When you’re storing text of significant size in the table it often makes sense to keep it compressed. Unfortunately MySQL does not provide compressed BLOB/TEXT columns (I would really love to have COMPRESSED attribute for the BLOB/TEXT columns which would make them transparently compressed) but you well can do it yourself by using COMPRESS/UNCOMPRESS functions or compressing/decompressing things on the client.
This choice of server side vs client size compression depends on the queries you have. If you just retrieve these BLOB/TEXT columns for say displaying it in application compressing on application is typically better idea because you will save CPU on database box and move it to the Web box which is typically easier to scale, plus you save on network traffic a bit, though this is not generally the problem.
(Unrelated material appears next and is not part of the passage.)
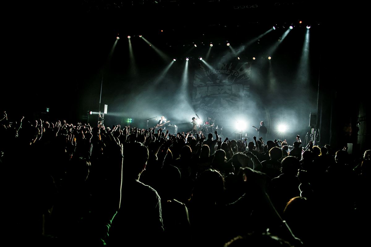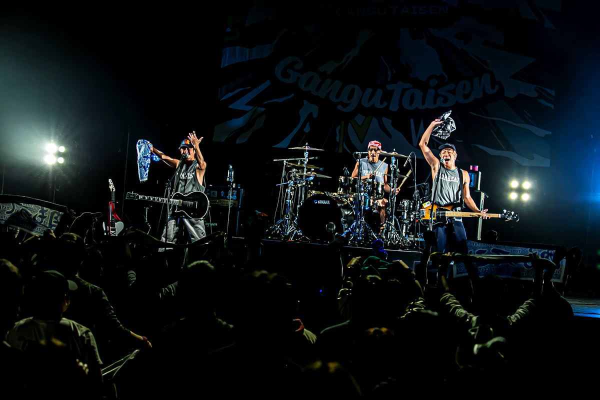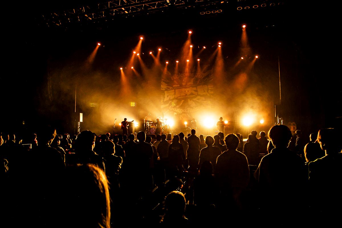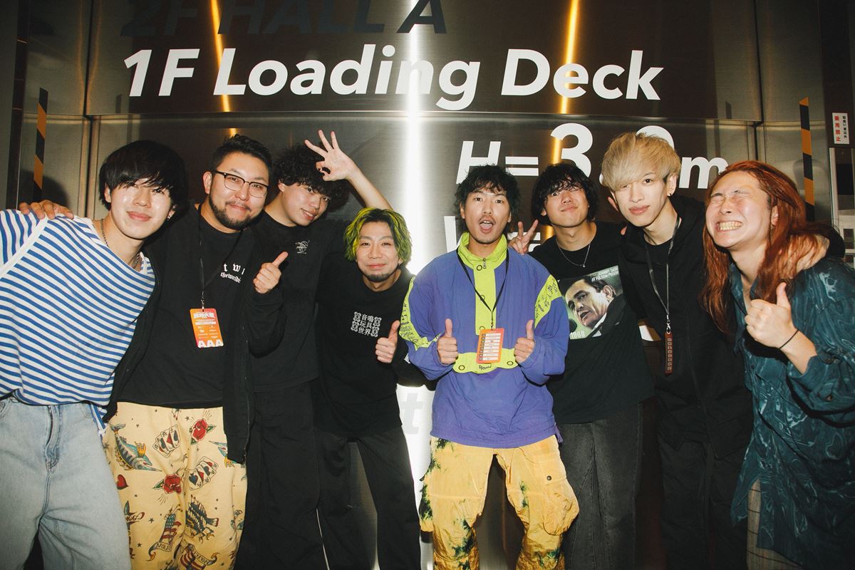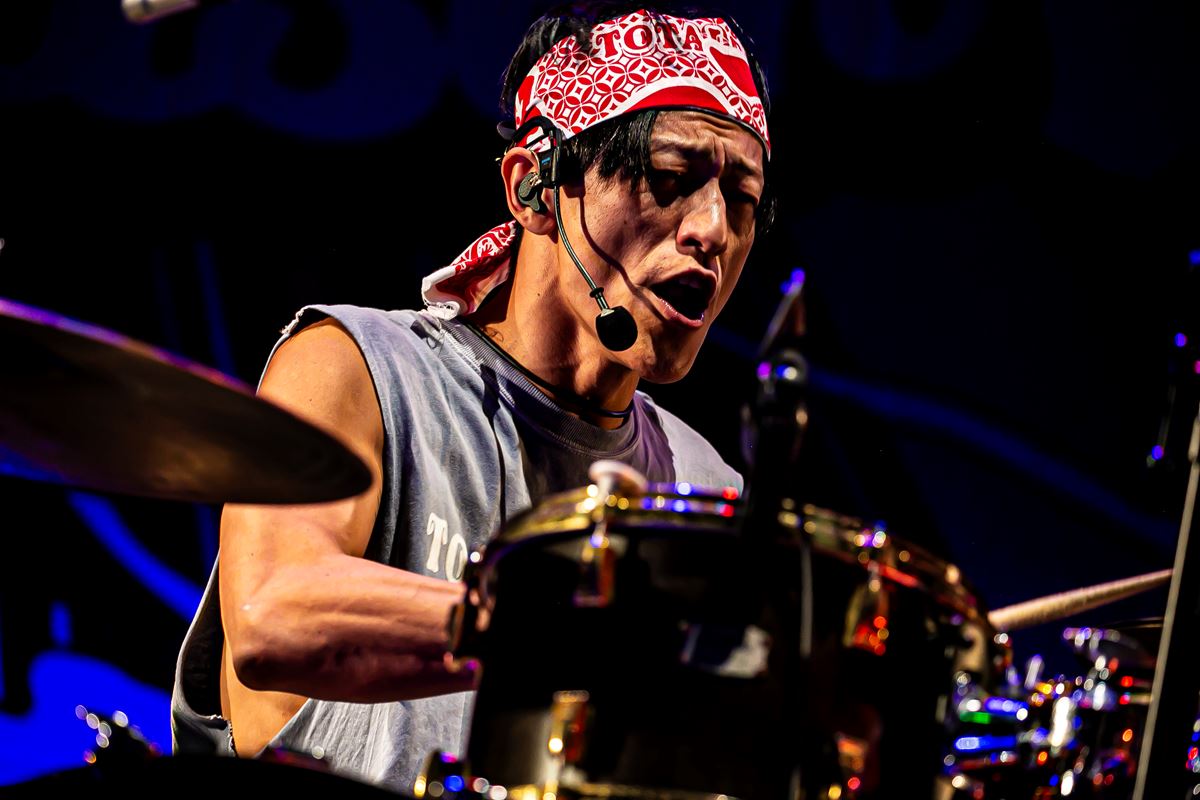 凶悪な重低音とは不釣り合いなほどのご機嫌なコール&レスポンスが行き交う1曲目は「PARTY PARTY」。生憎の肌寒い陽気となったが、TOTALFATの3人にとってはどこ吹く風だ。「俺たち袖なしですよ」と薄着で音ステージしたことを誇らしげに語るShun(vo/b)の発言は「夏のトカゲ」の前振り。ラテンノリと2ビートを行き来する中、色とりどりのタオルが打ち振られ、会場が揺れる。続いて所沢が地元であるBunta(ds)が「Fireworks」イントロのマッシブなビートを振り下ろすと、ますます会場が揺れる。シーンで言うとパンク寄りの存在ではあるが、こういう多種多様な音楽が集う場においても親和性が高い……というか、頭ひとつ抜けた求心力を発揮できるのは半端じゃない。
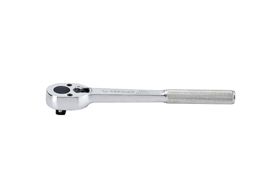 Grzechotka 1/2" King Tony. Grzechotka posiada w swoim mechanizmie 32 zęby, co umożliwia pracę co 11 stopni obrotu. Korpus wykonany ze stali chromowo-wanadowej, polerowany i chromowany, mechanizm ze stali chromowo-molibdenowej. Całkowita długość 250 mm, uchwyt moletowany Karta produktu - 4779-10FR

Compression on the server gives you ability to do some server side filtering (which however would not be overly fast as each row will need to be decompressed) it also makes data easier to work with with console MySQL tools.
Some people get best of both worlds by taking COMPRESS/UNCOMPRESS functions from the MySQL code and having them work on the application side as well which gives you best of both approaches.
One thing you should aware with compression - result of COMPRESS function is always binary, which means even if you’re compressing data from TEXT column you should pick BLOB type for compressed data storage.
Before going ahead with compression I usually run some checks to see how much compression will benefit you.
SELECT AVG(LENGTH(body)) FROM data vs SELECT AVG(LENGTH(COMPRESS(body))) FROM data gives good data point. However it may not present you with true data size and performance gains, especially for Innodb tables.
With Innodb tables BLOB gets its own page (allocated outside of clustered index) if the whole row does not fit in the page (longer than about 8000 bytes in size). The whole page is allocated even if you’re just a bit short plus BLOB retrieval unless it is in cache will require an extra disk seek. Also remember each BLOB which does not fit in the main row page is given its own page or set of pages potentially requiring a lot of disk seeks for row retrieval and a lot of space wasted.
So compressing BLOB/TEXT you should also think about how many rows you will be able to shrink down so they fit back to the page or at least reduce number of BLOBs on the row which need to be stored externally.
As an example in one case I’ve seen the compression showing row sizes will reduce about 3 times after compression (some XML data) while in practice table size reduced over 5 times and performance gains were even better because much fewer rows required external storage now.
The BLOB/TEXT column compression is not for all workloads. When your database is small enough to mostly fit in the cache it can cause CPU waste if compressing on database size with almost no gains. Small BLOBs is another case when compression may not give any gains and sometimes even increase the data size rather than reducing it. However it works great for many standard Web application needs - storing blog posts, product descriptions, forum posts (if they are generally long enough) and other data sets.